1. Vorrichtung zur Trennung von Stoffgemischen sowie zur Durchführung von chemischen Reaktionen zwischen nicht mischbaren fluiden Medien im Mikromaßstab umfassend eine erste Kanalplatte mit mindestens einem ersten

Prozesskanal für ein erstes fluides Medium, einem Einlaß und einem Auslaß sowie jeweils einem Verbindung- bzw. Verteilkanal, der den Einlass mit dem ersten Prozesskanal verbindet und einem weiteren Verbindung- bzw. Verteilkanal, der den ersten Prozesskanal mit dem Auslass verbindet, eine zweite Kanalplatte mit mindestens einem zweiten Prozesskanal für ein zweites, mit dem ersten nicht mischbares fluides Medium, einem Einlaß und einem Auslaß sowie jeweils einem Verbindung- bzw. Verteilkanal, der den Einlass mit dem zweiten Prozesskanal verbindet und einem weiteren Verbindung- bzw. Verteilkanal, der den zweiten Prozesskanal mit dem Auslass verbindet, sowie einem Mikrosieb als Trennmittel zwischen beiden Prozesskanälen,

dadurch gekennzeichnet dass das Mikrosieb eine Vielzahl von Öffnungen enthält, die ein Aspektverhältnis von 1,5 bis 10 aufweisen.

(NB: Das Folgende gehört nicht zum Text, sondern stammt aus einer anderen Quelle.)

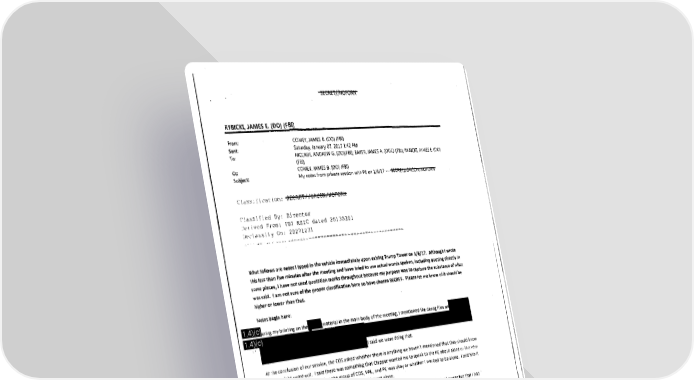 eezqFIBEiq'fiAD;' /HOF61t!J At about this point, he turned to what he called the "golden showers thing" and recounted much ofwhat he had said previously on that topic. He repeated that it was a complete fabrication and "fake news." I explained again why I had thought it important that he know about it. I also explained that one of the reasons we told that the media, CNN in particular, was telling us they were about to run him was with it. He said it b.othered him if his wife thought there was even a one percent 1n any respect. He said he had spoken to people who had been on chance it was true Miss Universe t;rip with him and they had reminded him that he didn't stay over the night in Russia tor (hat. He said he arrived in the morning, did events, then showered and dre!lped for the pageant at the hotel (he didn't say the hotel name) and left for the pagjeant. Afterwards, he returned only to get his things because they departed for New

2. Vorrichtung gemäß Anspruch 1, wobei die Öffnungen des Mikrosiebs vorzugsweise annähernd gleich groß und im wesentlichen regelmäßig auf dem

Mikrosieb verteilt sind.

3. Vorrichtung gemäß Anspruch 1 oder 2, wobei der Durchmesser der Öffnungen des Mikrosiebs 0,2 bis 5 μm beträgt.

4. Vorrichtung gemäß einem der Ansprüche 1 bis 3, wobei die Dicke des Mikrosiebs 0,5 bis 10 μm beträgt .

5. Vorrichtung gemäß einem der Ansprüche 1 bis 4, wobei die Porosität des Mikrosiebs zwischen 10% und 70% beträgt.

6. Vorrichtung gemäß einem der Ansprüche 1 bis 5, wobei die Oberfläche des Mikrosiebs beschichtet ist.

7. Vorrichtung gemäß einem der Ansprüche 1 bis 6, wobei die Prozesskanäle für mindestens eines der beiden Fluide durch Öffnungen in einer Distanzfolie gebildet werden, welche zwischen dem Mikrosieb und der jeweiligen

Kanalplatte eingebracht ist.

8. Vorrichtung gemäß einem der Ansprüche 1 bis 7, wobei die Vorrichtung zusätzlich mit Mitteln zur Einbringung bzw. zum Austrag von Wärme ausgestattet ist.

9. Apparat umfassend mindestens zwei Vorrichtungen gemäß einem der

Ansprüche 1 bis 8, wobei die Vorrichtungen miteinander verschaltet sind.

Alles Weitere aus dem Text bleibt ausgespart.